Como adequar os contratos empresariais à reforma tributária

Como adequar os contratos empresariais à reforma tributária

Helio Ferreira Moraes e Ricardo Hiroshi Akamine

A reforma tributária redefine contratos empresariais, exige adaptação ao split payment e impõe revisão de riscos, preços e modelos de negócios até 2033.

segunda-feira, 22 de setembro de 2025
Atualizado em 19 de setembro de 2025 15:14

A transformação na lógica contratual

Muito mais do que apenas simplificar o sistema tributário, a reforma tributária sobre o consumo, com a instituição do IBS e da CBS e a adoção de uma não-cumulatividade mais ampla, tem o potencial de modificar toda a lógica contratual das últimas décadas no Brasil. Vivemos em um sistema esdrúxulo, que por vezes determina a adoção de arranjos contratuais ilógicos para mitigar os ônus tributários. A mudança, que já inicia em 2026, redefine a relação entre preço e custo e, também, entre pagamento e apropriação de crédito ao longo das cadeias.

As empresas precisarão adaptar seus contratos, considerando que a apropriação de créditos tributários passa a ser, como regra, condicionada à extinção do débito do fornecedor, ou seja, precisará redefinir suas matrizes de risco e governança nas relações com plataformas e arranjos de pagamento, por exemplo.
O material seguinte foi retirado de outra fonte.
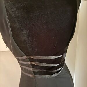 This elegant black sleeveless dress is perfect for any occasion. Its sleek design offers a timeless look. Vintage from 1995. Deep V neckline with satin trim. Zipper on side. Made in Italy and is authentic. UK size 42, US size 10.

Além disso, é preciso entender que não basta uma solução única, pois o processo se inicia em 2026 e passa por uma longa transição até 2033, na qual existirá a convivência, por um período, com tributos que serão substituídos gradualmente, o que implica que os contratos de longo prazo precisam especificar melhor as cláusulas de impacto tributário.

Esse novo desenho de tributação exige revisões consistentes dos contratos empresariais em pelo menos 03 (três) frentes: (i) a escolha e a configuração de modelos de negócios; (ii) o modo de repassar impactos ao preço sem perder de vista o efeito do creditamento do cliente; e (iii) a incorporação, desde já, das obrigações operacionais relacionadas ao split payment e à vinculação dos créditos ao pagamento.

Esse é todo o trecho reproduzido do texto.